2.2 Chord-label agreement in the CASD and BB

In [16], we presented a detailed overview of the agreement found in the CASD, as well as the agreement from the annotators from the CASD with the BB [16]. Using the commonly used MIREX evaluation of chord-label overlap between annotations, a relatively low agreement with the annotators was found [25]. Altogether, it was found that the annotators used a particular set of chord labels, or vocabulary for their transcriptions. Their vocabularies differ in size and use of particular chord labels. That is, in addition to sharing common chord labels in their transcriptions, each annotator uses a subset of particular chord labels that are not shared with the other annotators.

The pairwise agreement among all annotators for all fifty songs and all evaluation methods as reported by Koops et al. [16] can be found in Fig. 2 in blue. The figure shows that, overall, there is low agreement between the annotators, and lower agreement with increased chord-label granularity: annotators agree more on the root notes (ROOT) than on complex chord labels (e.g., SEVENTHS). The average agreement of root notes and majmin chords (two common evaluation granularities for ACE tasks) were found to be only 0.76 (\(\sigma = 0.19\)), and 73 (\(\sigma = 0.2\)), respectively. These levels of agreement raise questions on the existence of a subjectivity ceiling in harmonic transcriptions. It can be argued that if such a ceiling exists, ACE results beyond this ceiling are indicative that an ACE algorithm is tuned to a particular subjective annotation.

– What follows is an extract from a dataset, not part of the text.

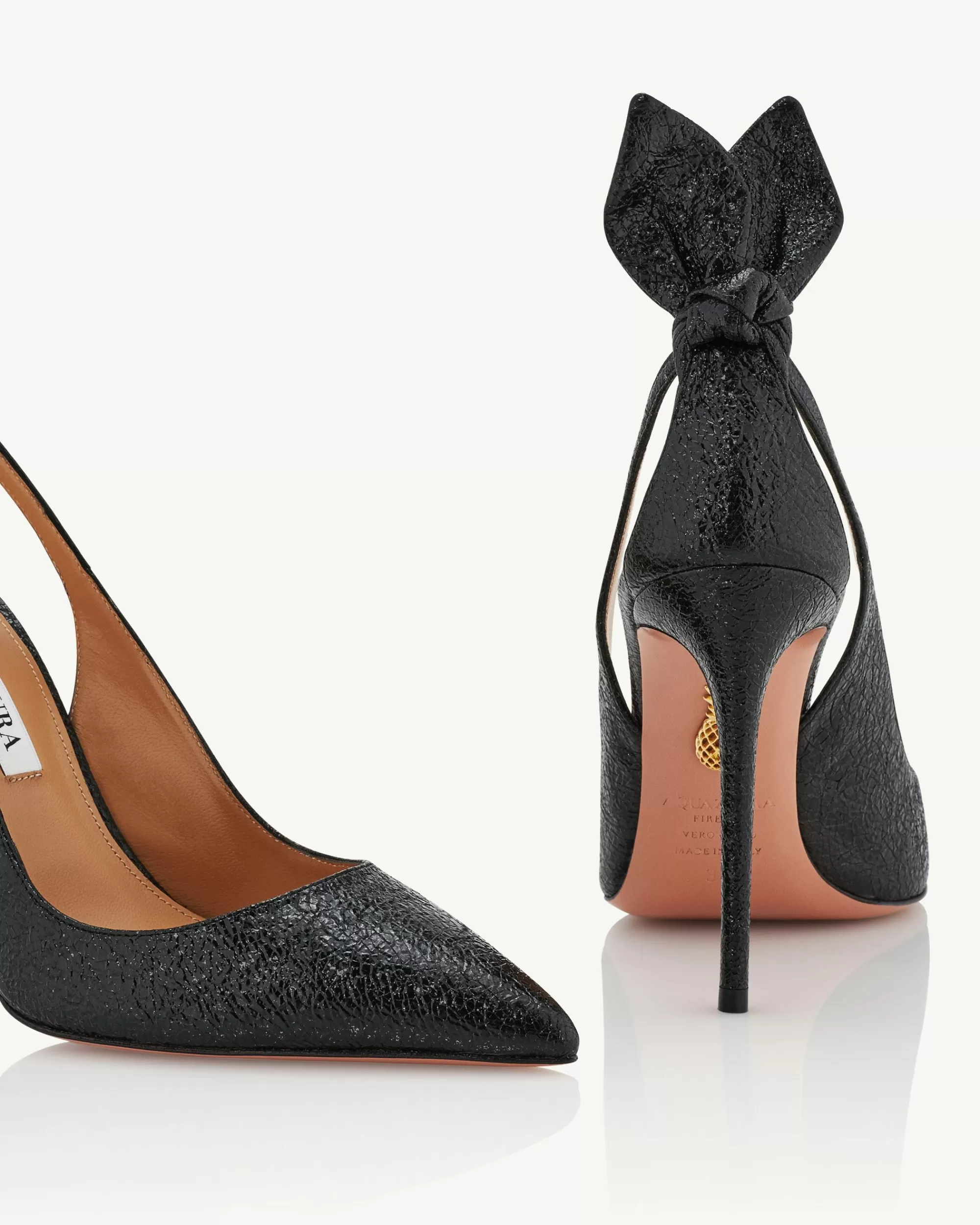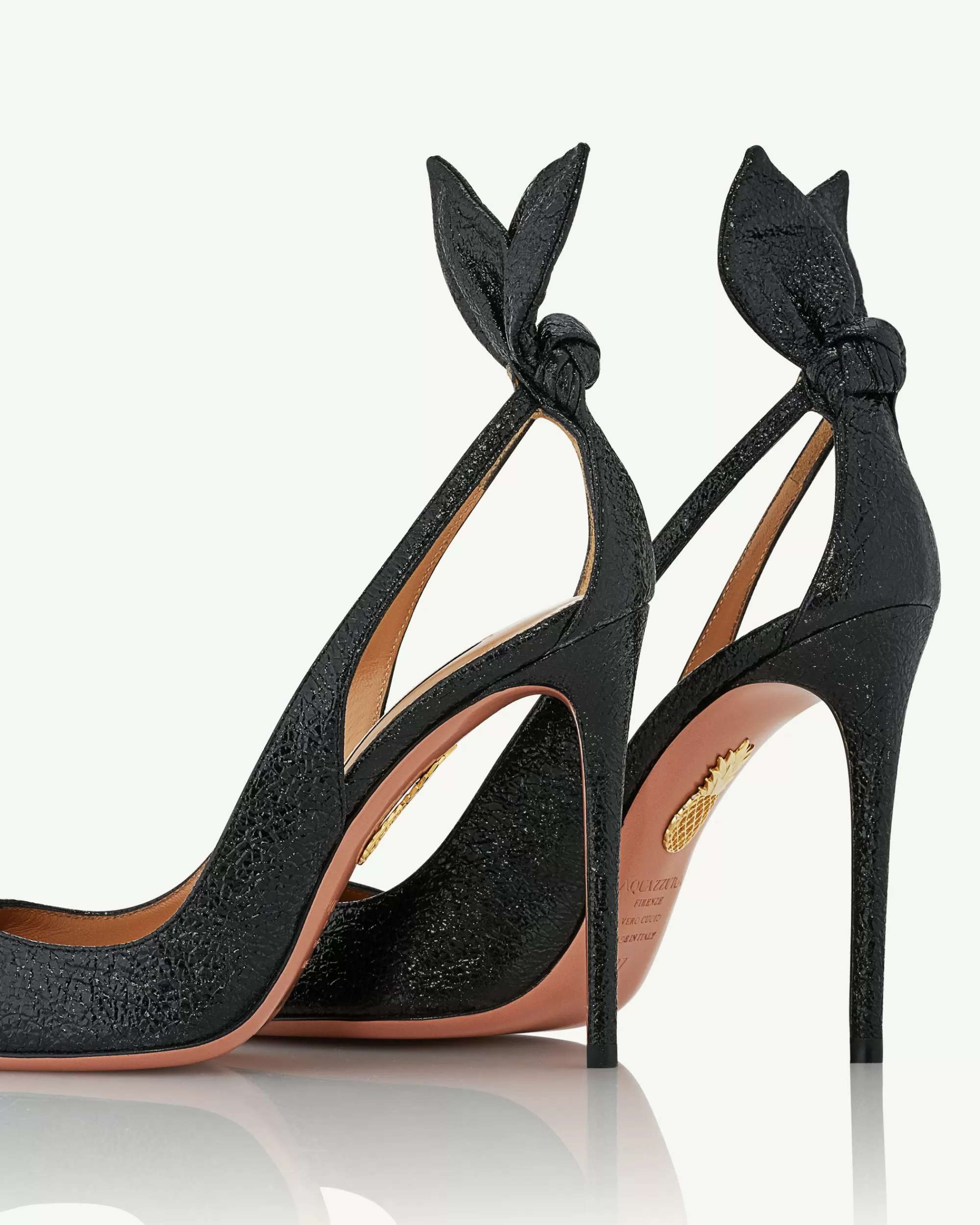 A natural trend-setter that needs no introduction: these Bow Tie Pumps are crafted from supple black nappa leather with a high-shine craquele’ finish. They feature a flattering pointed toe, skin-baring side cutouts and a flirty upward bow at the back for that extra special finishing touch.

We argued in [16] that the relatively low overall chord-label agreement between expert annotators is problematic for the creation of one-size-fits-all chord-label annotations, which are almost universally used in ACE research. One approach to solving the problem of creating chord-label annotations with the broadest appeal is creating a consensus annotation from multiple expert annotations. This was proposed and presented in the Billboard dataset. The annotations in this dataset are the result of a meta-annotator creating a consensus from two expert annotations [2]. Assuming that a consensus annotation is on average closer to individual annotations than annotations are to each other, one would expect that the CASD annotators would agree on average more with the Billboard annotation than with each other.

In addition to annotator pairwise evaluations, Koops et al. evaluated the annotations from the CASD on the corresponding Billboard dataset annotation. Again a relatively low agreement was found. Agreement decreases with an increase in chord-label granularity: annotators agree more on the root notes (ROOT) than on complex chords (e.g., SEVENTHS) of the Billboard annotations. It was found that the average agreement of root notes is only 0.77 (\(\sigma = 0.16\)), with some scores as low as 0.19. Furthermore, a roughly equal chance was found of annotators agreeing more with the Billboard than with the other annotators. This last finding indicates that creating an ideal one-size-fits-all “ground truth” chord label annotation is problematic.

The results from analyzing annotator subjectivity in the CASD and BB in [16] indicate that 1) annotator subjectivity results in significantly different annotations and 2) that a single reference annotation for ACE is not expressive enough to provide annotators with tailored chord labels. Therefore, we propose to leverage annotator subjectivity to create an ACE system that can provide chord sequences tailored to specific users.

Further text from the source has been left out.